NW in 2019 | Survive and thrive

It is not difficult to predict that 2019 is likely to be another difficult year for the retail sector, but the key to success will be to see this as an opportunity to reposition our town centres, writes Caroline Baker of Cushman & Wakefield.

I predict that 2019 will be a year when the institutions and investors – which have so far only been interested in the regional centres – start to look at the next tier of town centres. 2018 has seen an unprecedented number of cranes in the sky in Manchester building new homes, but less than 10 years ago investors saw delivering new homes in the city centre as too risky. In the 1980s there were less than 1,000 homes in Manchester city. Fast forward to today and there is no shortage of investors or people who want to be part of the thriving centre.

We will see similar trends in our best town centres. Altrincham is already setting the standard – and setting it high. Andy Burnham has laid down the challenge to partners in Greater Manchester to determine a new future for their town centres through the Town Centre Challenge. Local authorities, the Greater Manchester Combined Authority and Homes England are looking at how to use their resources to harness opportunities and work with the private sector to unlock development.

But the need to make sure towns are responding to the challenges is not restricted to GM. Cushman & Wakefield and our partners have been assessing the residential potential and preparing strategies for a range of town centres including Barrow, Kendal, Macclesfield and Preston during 2018 and these will town centres will be delivering change during 2019, as will many other places.

The key is to determine which town centres have the greatest attributes and will thrive. The focus needs to be on those towns that have great connectivity, access to jobs and access to local services combined with unique assets which make them standout – such as a great stock of architectural buildings, access to countryside, attractive waterways running through them or a programme of events which attract a wide range of visitors. Where partners come together and set a new vision for these towns with a passion and commitment to work together, transformation will happen.

We need to get more people living in our town centres but many lack quality homes or have limited choices – being dominated by social housing or ageing terraces.
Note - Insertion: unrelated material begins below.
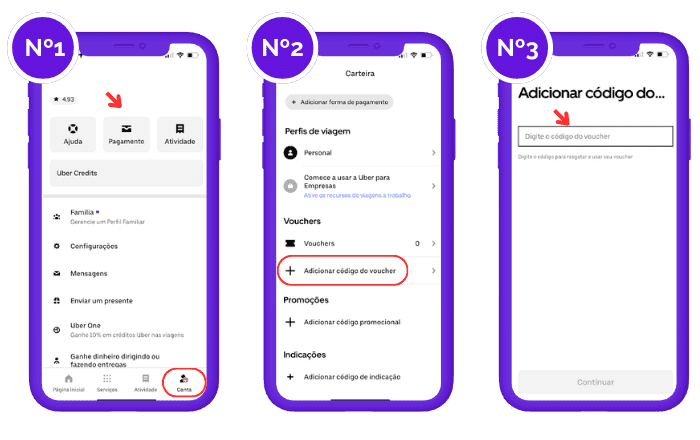 Verifique o seu email que foi cadastrado na Smiles, dentro dele estará disponível o código do voucher, basta ir até o aplicativo Uber, em “Pagamento”, depois em “Adicicionar Código do Voucher”.

We need modern homes which attract a wider range of occupiers – young families, downsizers and beyond.  Savvy developers will start to develop residential products – such as townhouses and low to mid rise apartments – which respond to the desires of those residents who appreciate the benefits of town centre living or maybe don’t have the resources or desire to live on the 25th floor of an apartment block in Manchester or Liverpool. Where this starts to happen the bars and restaurants will follow and our towns will be vibrant again.

Where public and private sector partners and local residents and businesses are working together to set a new strategy for their town centres, 2019 and beyond will be exciting.